Follow-up: What about NewSQL databases like CockroachDB or TiDB? Do they make this whole debate obsolete?
  • NewSQL is a real contender that blurs the line. CockroachDB gives you SQL semantics with automatic horizontal scaling and strong consistency via Raft consensus. TiDB is MySQL-compatible with horizontal scaling. They are genuinely impressive engineering.
  • The trade-off is latency. Distributed consensus means every write requires coordination across nodes. In CockroachDB, a single-row write in a 3-node cluster has a floor latency of about 2x the network round-trip time between nodes. For a single-region deployment, this is often sub-millisecond and barely noticeable.

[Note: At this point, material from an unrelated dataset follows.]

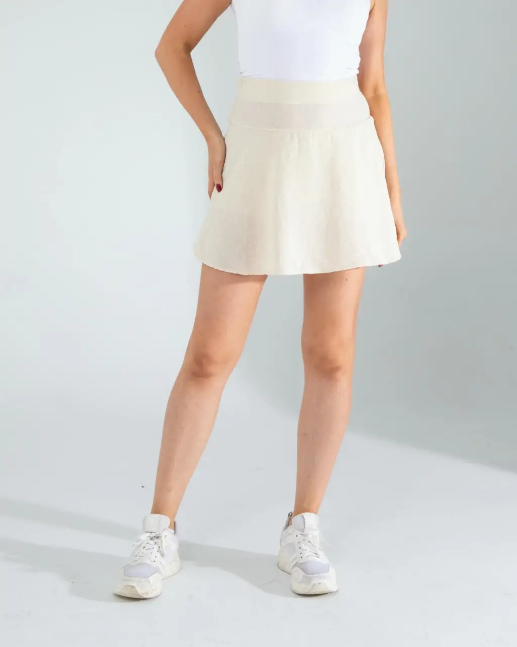 Günlük Şıklık: Bej keten şort eteğinizi beyaz bir basic tişört ve sandaletler ile kombinleyin. Hasır bir çanta ve birkaç zarif kolye ile görünümünüzü tamamlayın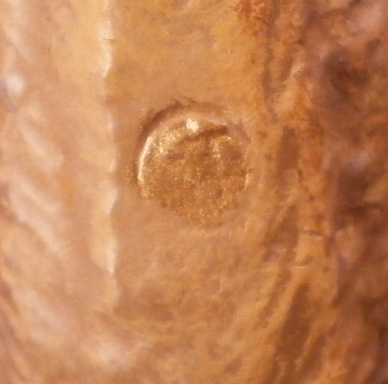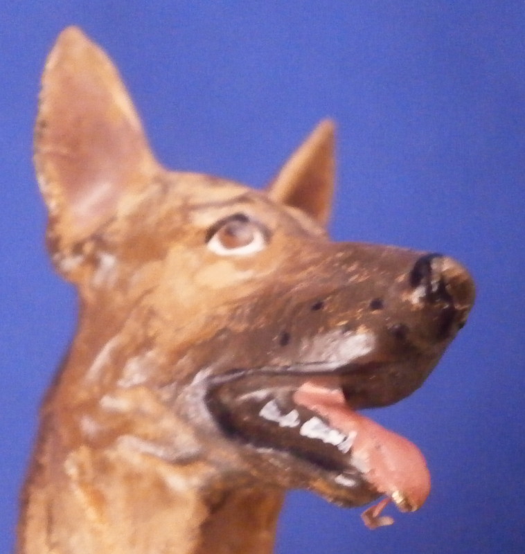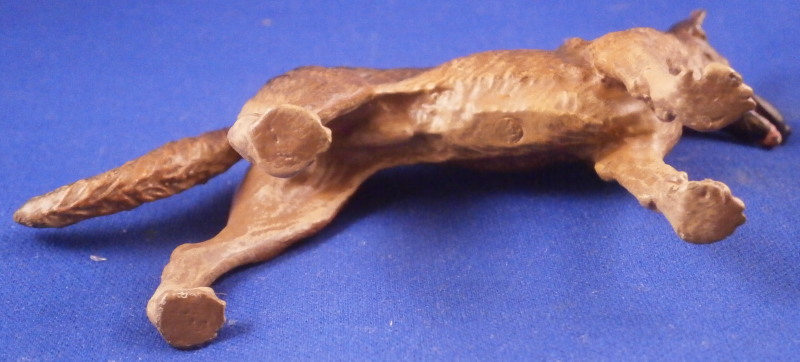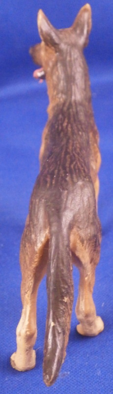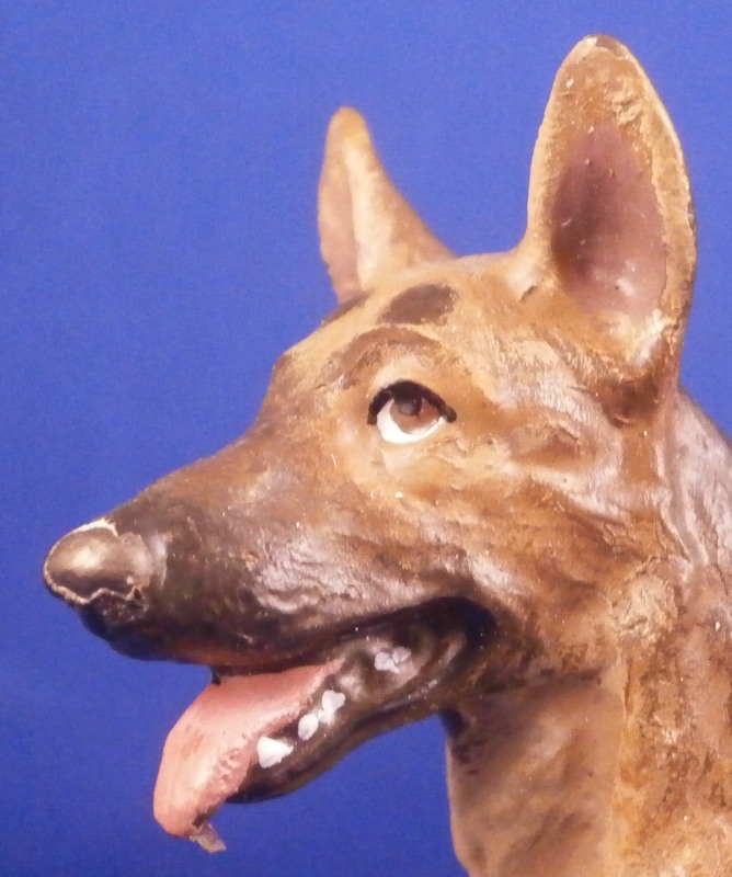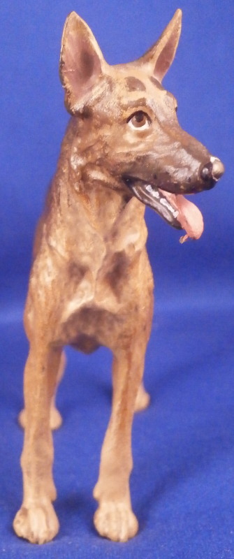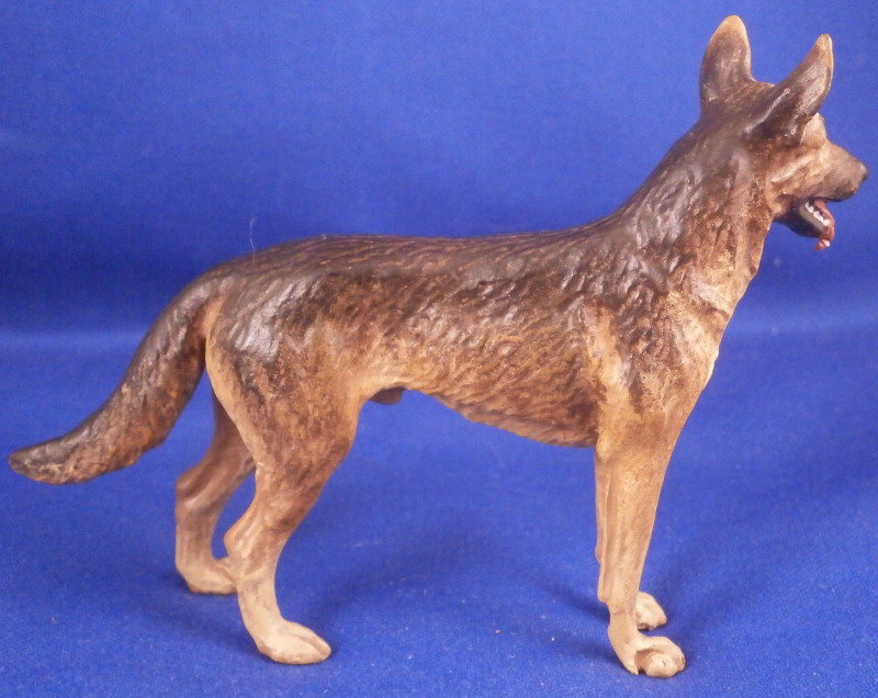 This is a superb bronze of a German shepherd made in the Vienna area in the 20th century. It came with a bunch of very nice antique Vienna cold painted Bronze animals including some signed Fritz Bergmann which this is one of. I think they are still making these today so I am not sure how old the piece is. Looks newer than most of the other pieces in this bunch so I think it is fairly modern. The figure is very well modeled and hand painted with lots of detail It looks to be in great condition with the tip of the nose missing the paint, tiny spots on the tip of each ear, two small spots on the tail, the underside of the tongue and a bit of paint missing of the left back paw. It displays nicely and is not very obvious when on display. The piece is marked underneath the belly with the gold circular Fritz Bergmann company mark as shown. Maybe someone out there knows more about them in terms of age, etc. and could give me a hand. It certainly would be appreciated. The piece is 3.125 inches tall, 1 inch wide and 4.125 inches long. Please email me for more information or other pictures.

For multi-region, you are looking at 50-200ms per write unless you use stale reads or locality-aware placement.
  • NewSQL also has a maturity gap. PostgreSQL has 30+ years of battle-testing, edge-case fixes, and ecosystem tools. MongoDB has 15+ years. CockroachDB has about 8. For a brand-new startup, I might choose CockroachDB. For a financial institution migrating off Oracle, I would still lean PostgreSQL. The risk calculus is different.